Durante milenios siguió siendo adorada, reverenciada bajo distintos nombres que cruzaban fronteras y lenguas: Ishtar, Inana, Astarté, Athar, Au Set. Las similitudes en ritos y nombres hacen evidente que era la misma divinidad multiplicada, siempre acompañada de sus símbolos: la serpiente, la paloma, la vaca, la doble hélice.

La autora lo deja claro: el patriarcado no fue un paso natural de la evolución, sino una imposición. Lo que antes fue reverencia terminó convertido en persecución.

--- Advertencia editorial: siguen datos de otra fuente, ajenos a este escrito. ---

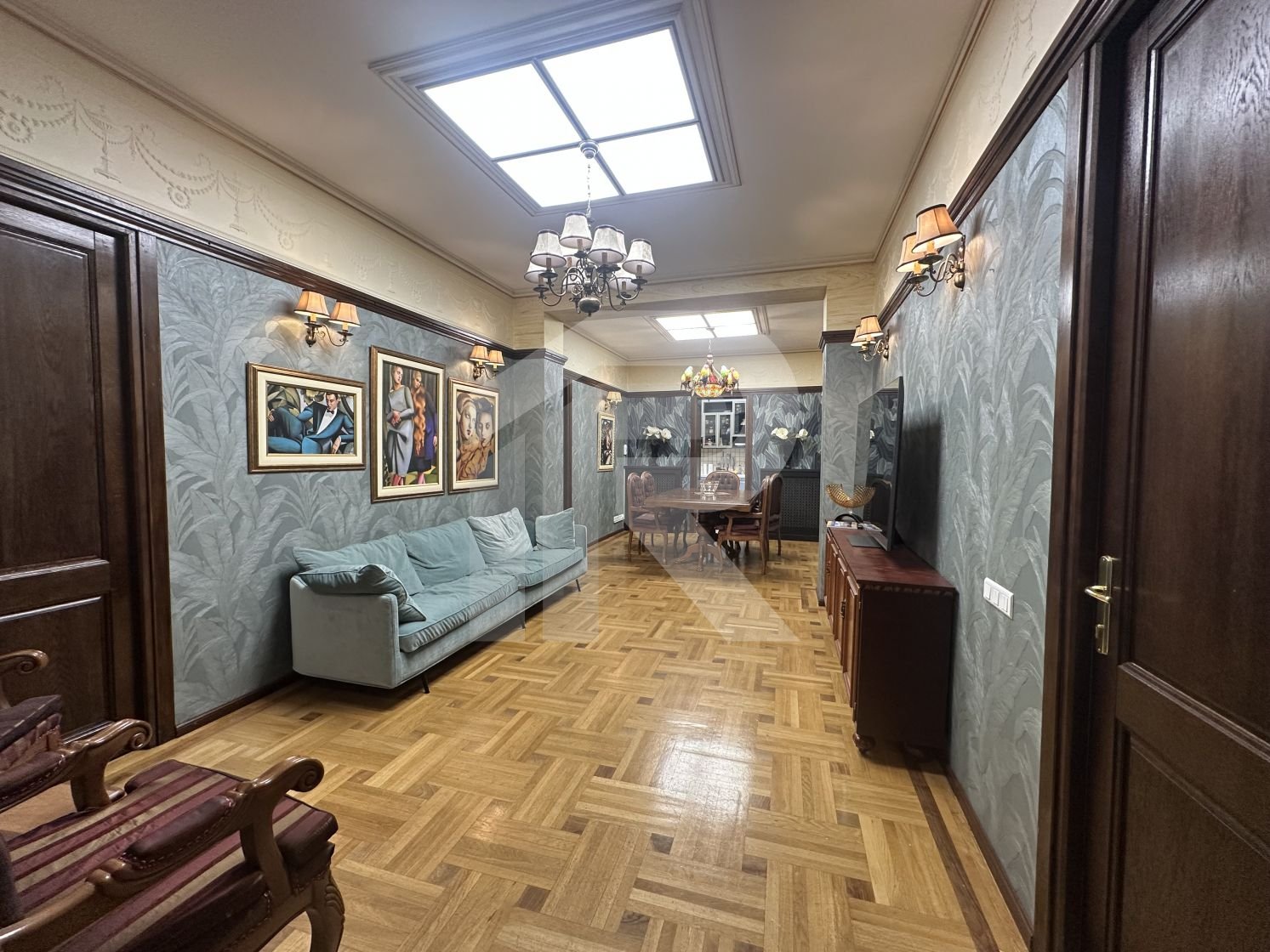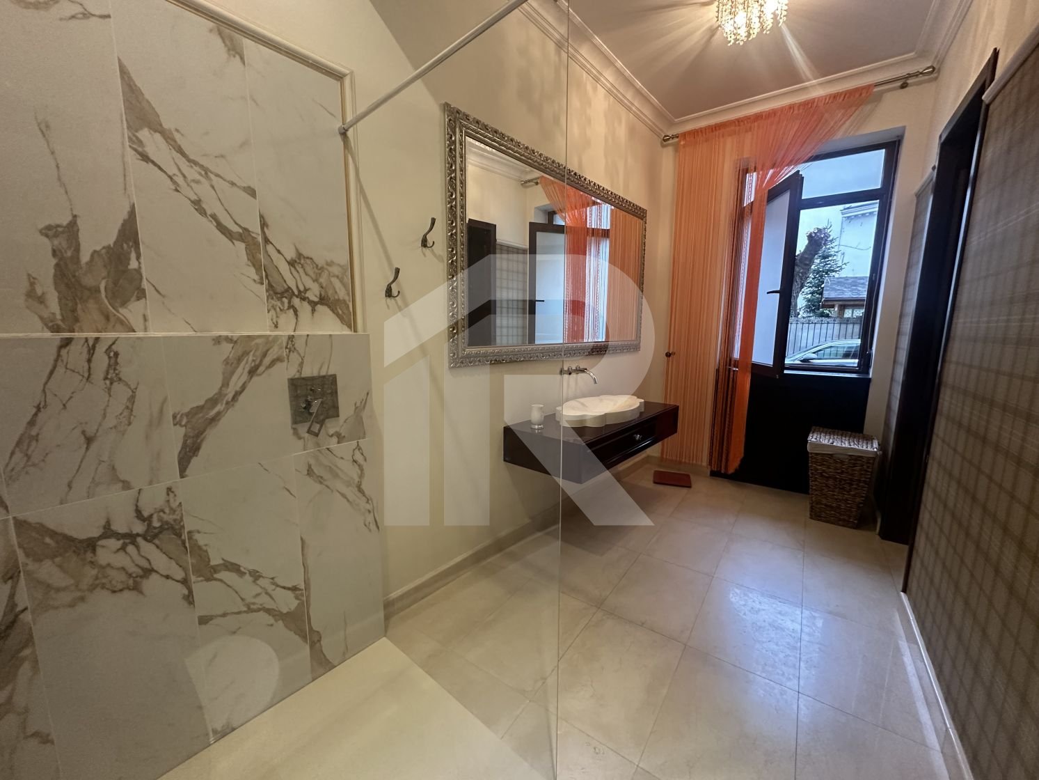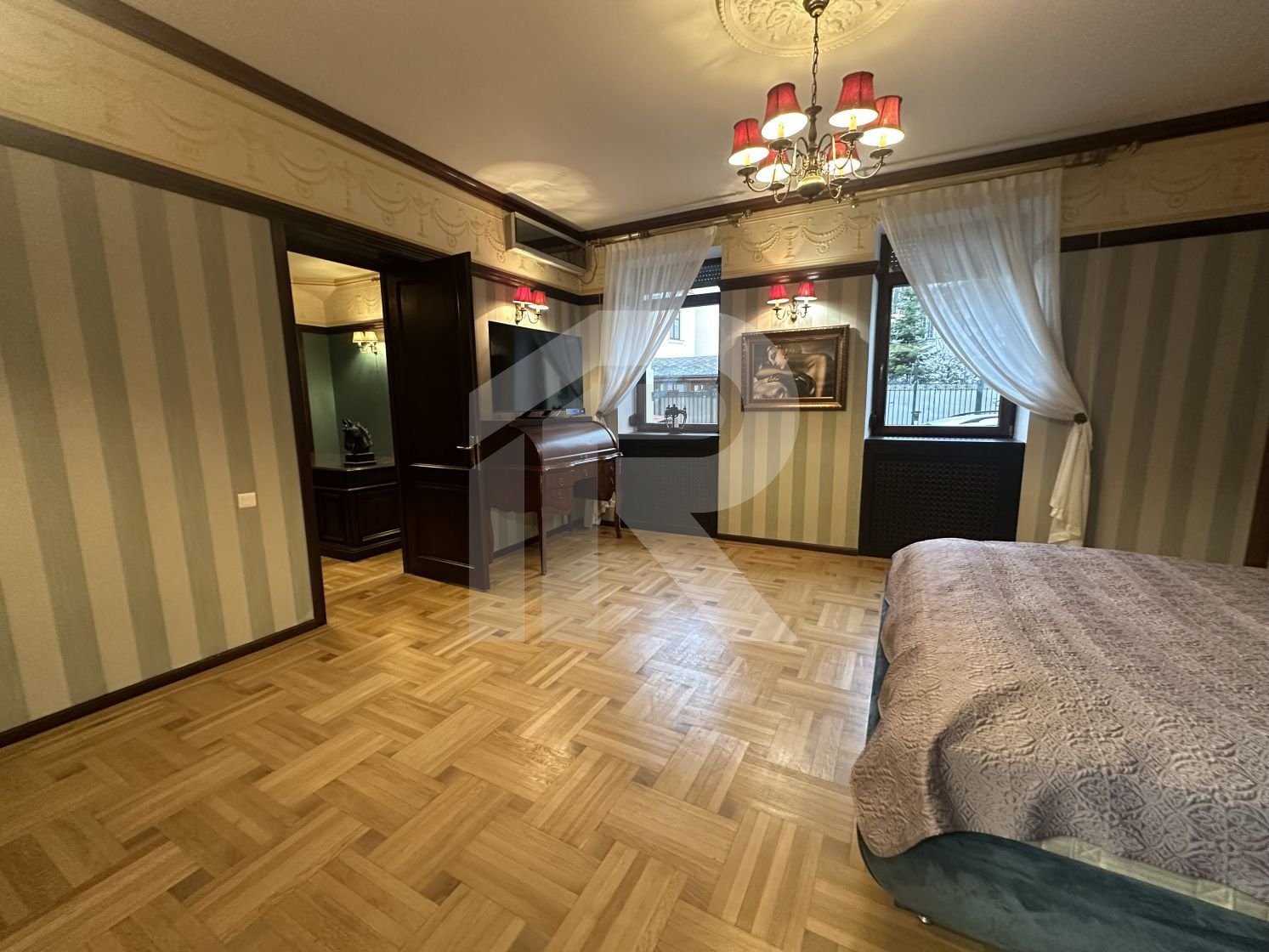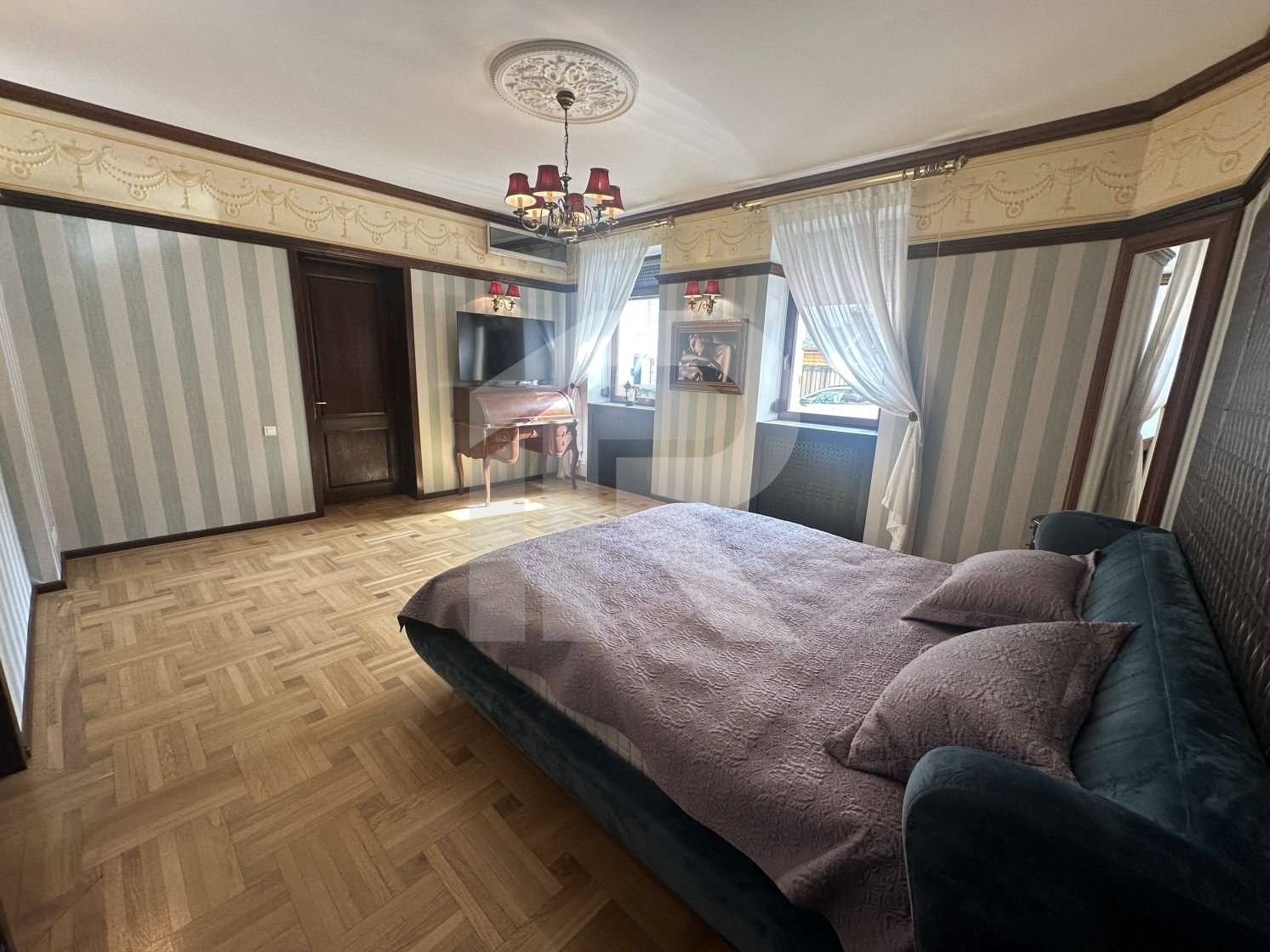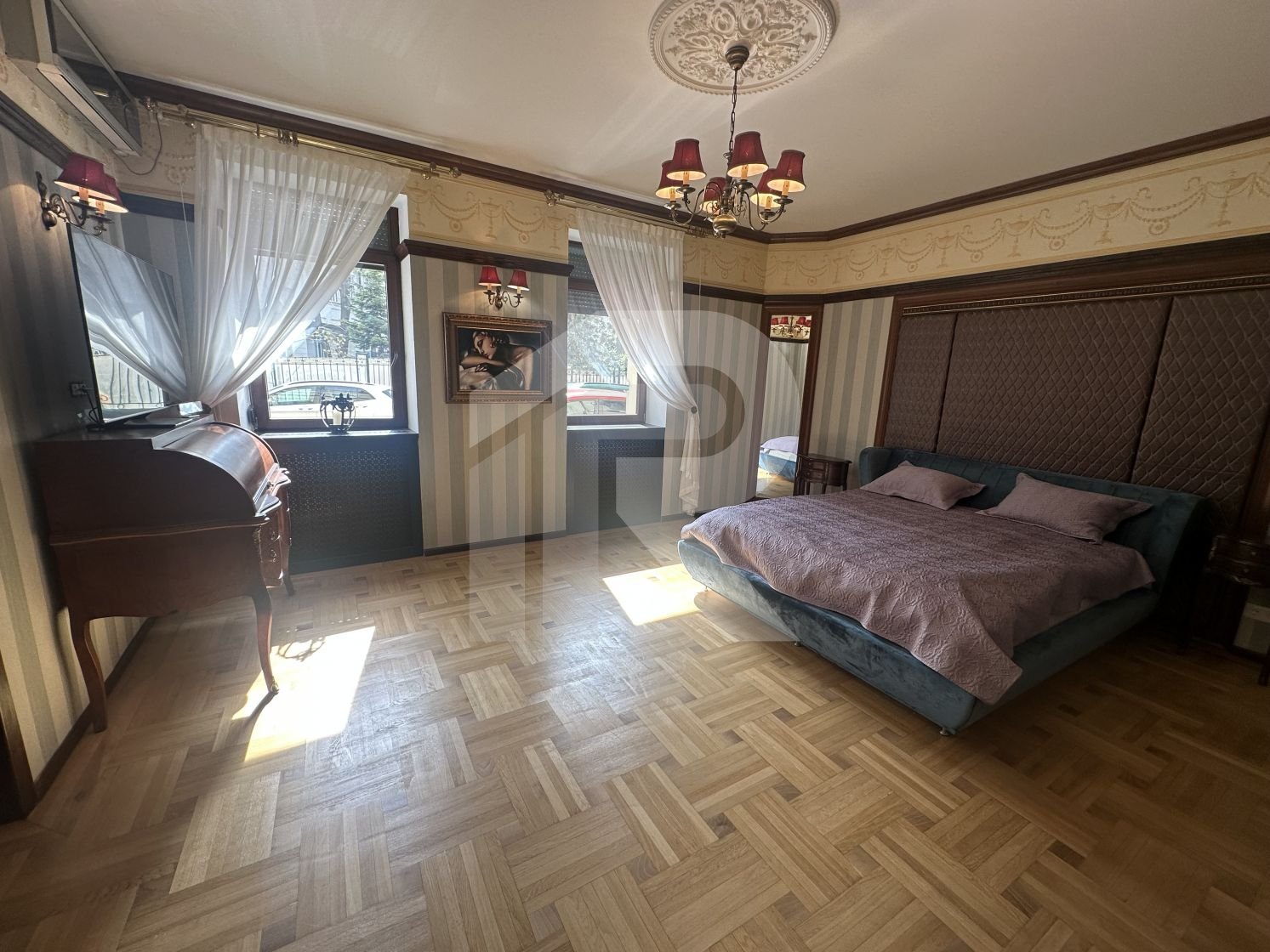 Apartamentul cu suprafata de 190 mp, tavanului inalt de 3 m, are 6 camere, 2 camere tip dressing, bucataria cu camara si centrala termica, 3 bai cu fereastra, iar balconul transformat intr-o camera-seif.

Y me pregunto: ¿qué habría significado para nosotras crecer en un mundo donde lo divino llevaba rostro de mujer? ¿Cómo serían hoy nuestras ideas, nuestros sueños, nuestra relación con el cuerpo, si hubiésemos heredado esa memoria intacta?

A veces me cuesta imaginarlo. Vivir sin estar programada con tantas ideas distorsionadas sobre lo que significa ser mujer, o sobre lo que “debe” ser un hombre.

Pero sé que esa memoria existió, que fue desenterrada y evidenciada, aunque quienes la estudiaron carecían de los conceptos para comprenderla. Y, de la misma manera, muchas de las revelaciones de este libro todavía me resultan extrañas, difíciles de asimilar.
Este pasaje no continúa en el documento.